> [Supplied material]
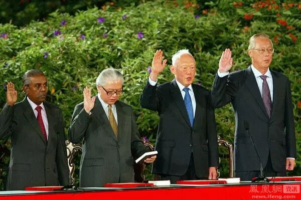 2004年8月12日,新加坡,李光耀(右二)宣誓就任内阁资政,吴作栋(右一)宣誓就任国务资政。
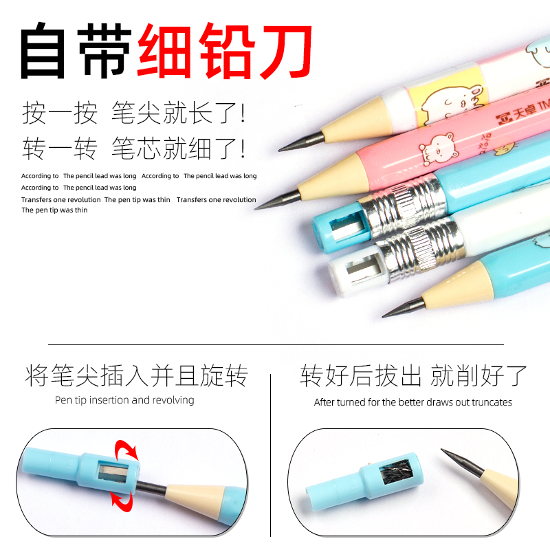 天卓自动铅笔小学生专用一二三年级无毒幼儿园初学者加粗不断芯2b2比铅笔考试涂卡笔2.0免削铅笔自动笔写不断
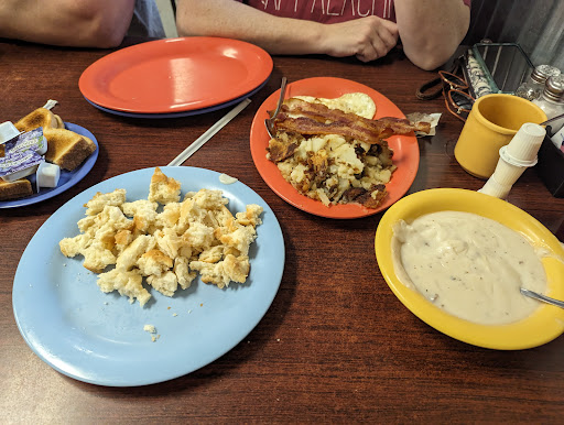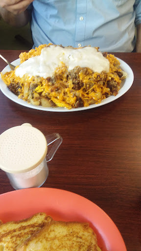 Today was my family's second visit in a month. The first time, we showed up after 10. The menu does not indicate a time-frame for certain items, other than no pancakes after 11. My wife ordered a burger, and I ordered an "Old Man's Dirty Diaper." But they were out of chili, so I opted for a "Smelvin Wrap." Overall, the food was good. My son had a pancake that was burnt on the bottom, but they replaced it. We left a 20% tip.
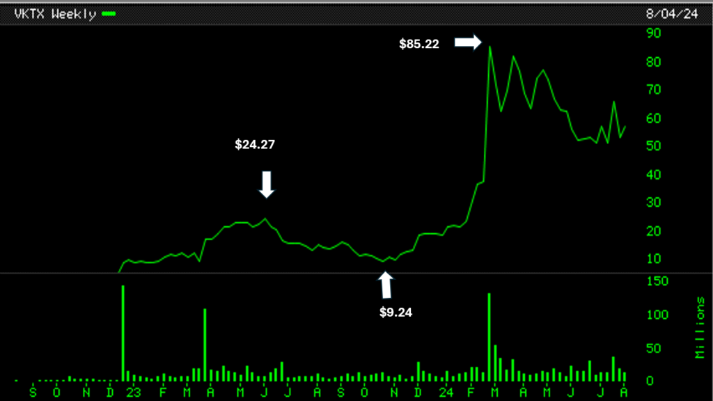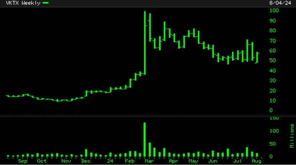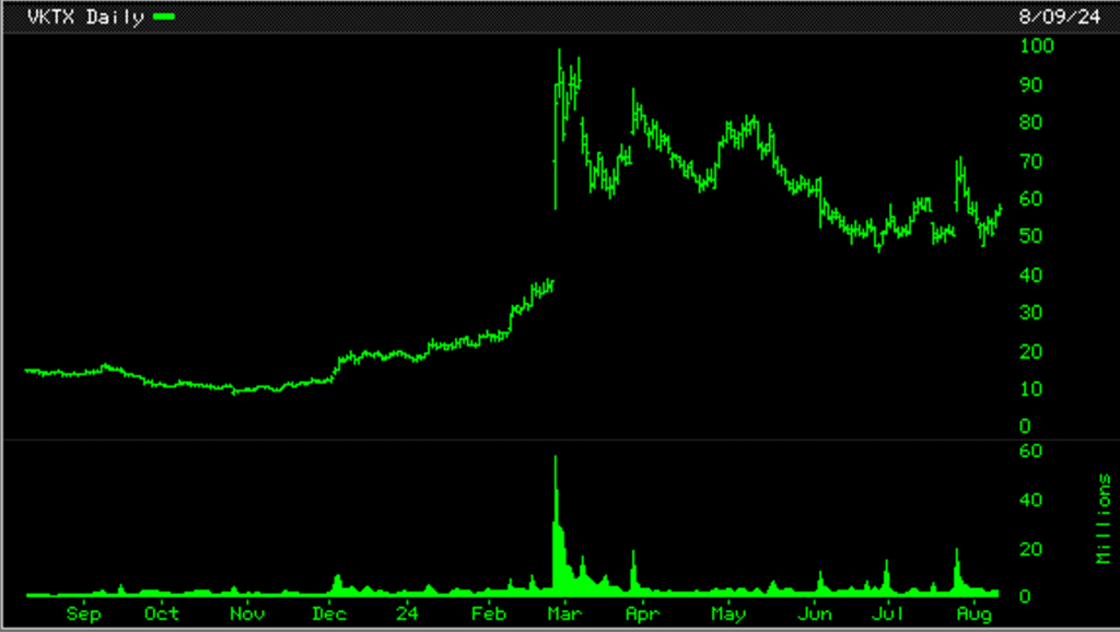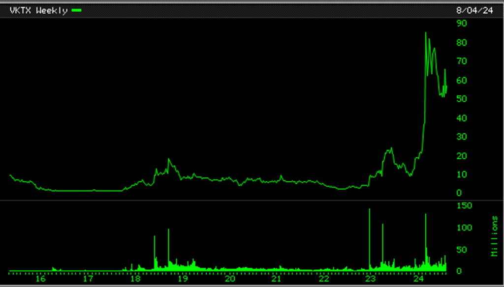Take a look at an all-time chart of Viking Therapeutics (VKTX). Is this a good stock or a bad stock?

> [What the task requires]
Would you restate word for word only the lines from the line with "天卓自动铅笔小学生专用一二三" to the last line above, with the pictures left out?

> [Answer]
 天卓自动铅笔小学生专用一二三年级无毒幼儿园初学者加粗不断芯2b2比铅笔考试涂卡笔2.0免削铅笔自动笔写不断
 Today was my family's second visit in a month. The first time, we showed up after 10. The menu does not indicate a time-frame for certain items, other than no pancakes after 11. My wife ordered a burger, and I ordered an "Old Man's Dirty Diaper." But they were out of chili, so I opted for a "Smelvin Wrap." Overall, the food was good. My son had a pancake that was burnt on the bottom, but they replaced it. We left a 20% tip.
Take a look at an all-time chart of Viking Therapeutics (VKTX). Is this a good stock or a bad stock?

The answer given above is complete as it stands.